According to ESPN, small-market teams are concerned they could lose $20 million in revenue sharing next season in a worst-case scenario. New Orleans Pelicans owner Gayle Benson, operating in the NBA’s smallest market, is worth an estimated $3 billion. Memphis Grizzlies owner Robert Pera, whose team works in the next-smallest market, is worth roughly $10 billion. Their economic crisis is not exactly yours.

Granted, the NBA’s return could put thousands of people back to work, and who knows how many others are supported by the league’s employees, but there are serious ethical questions about a non-essential business reopening in the face of a pandemic, even under the safest of conditions. They get more serious when you consider that the collective wealth of the business owners could afford them all more time.
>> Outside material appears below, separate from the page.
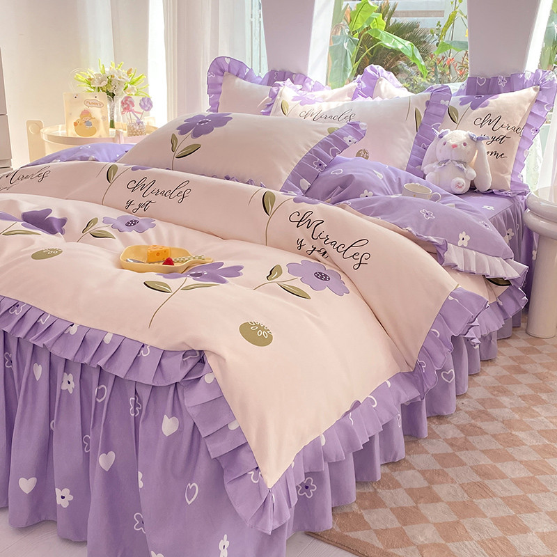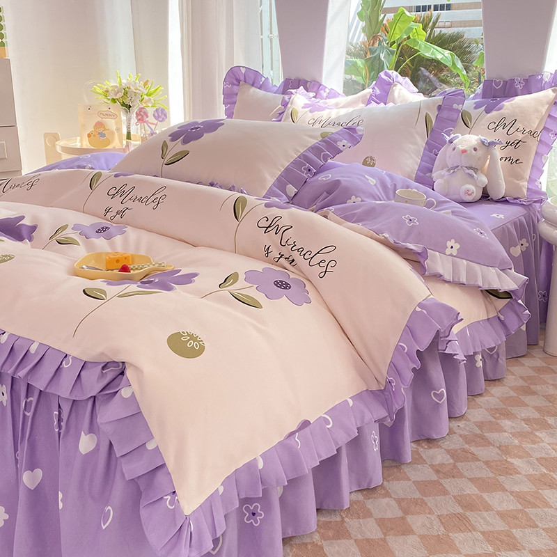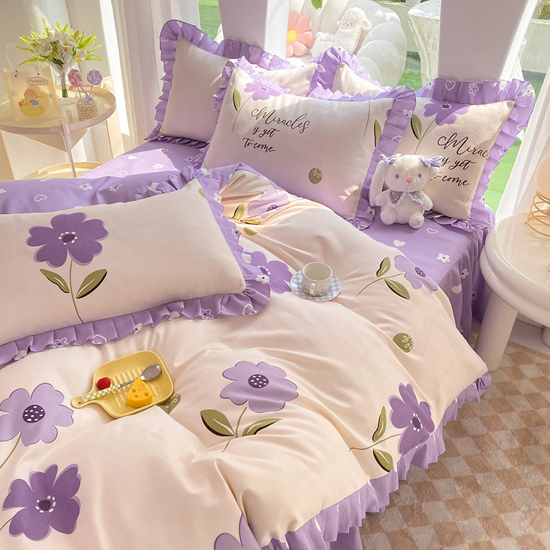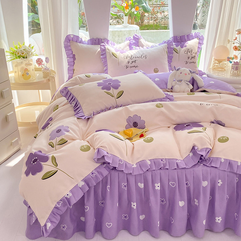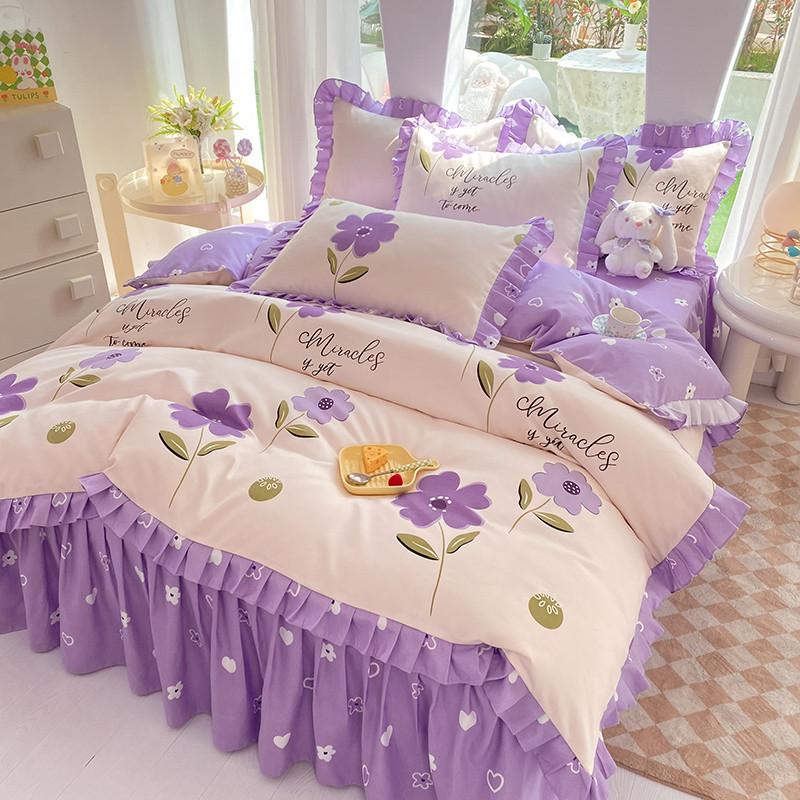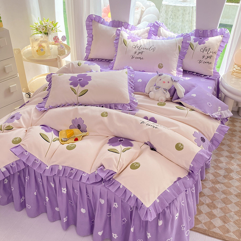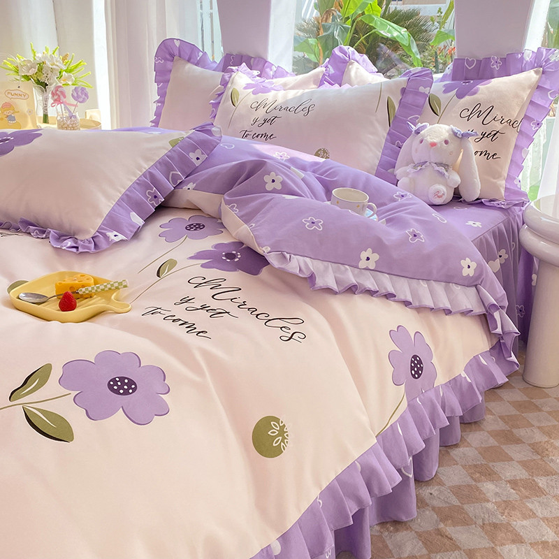优逸2025韩版公主风床裙款床单款四件套迷迭香

There is little doubt that billionaires crying poor and financially incentivizing multimillionaires back to work applies pressure to everyone from assistant coaches earning six figures to arena workers living paycheck to paycheck to get back to work before any of them might feel completely comfortable returning. And what message does that send to smaller businesses forced to furlough employees amid the epidemic? Might a second wave that could result from reopening too soon create even greater economic concern?

Listen, I want to watch live sports just as much as NBA superstars want to resume playing them, and my industry depends upon it to a degree, but if the league’s push to reopen in July were to cost even one more life than would have otherwise been lost, it is not worth it. In that sense, the NBA’s decision is no more difficult than the one every country, every state, every town is trying to make concurrently. We don’t have all the answers, but we cannot let the desire to crown a champion outweigh the resulting losses.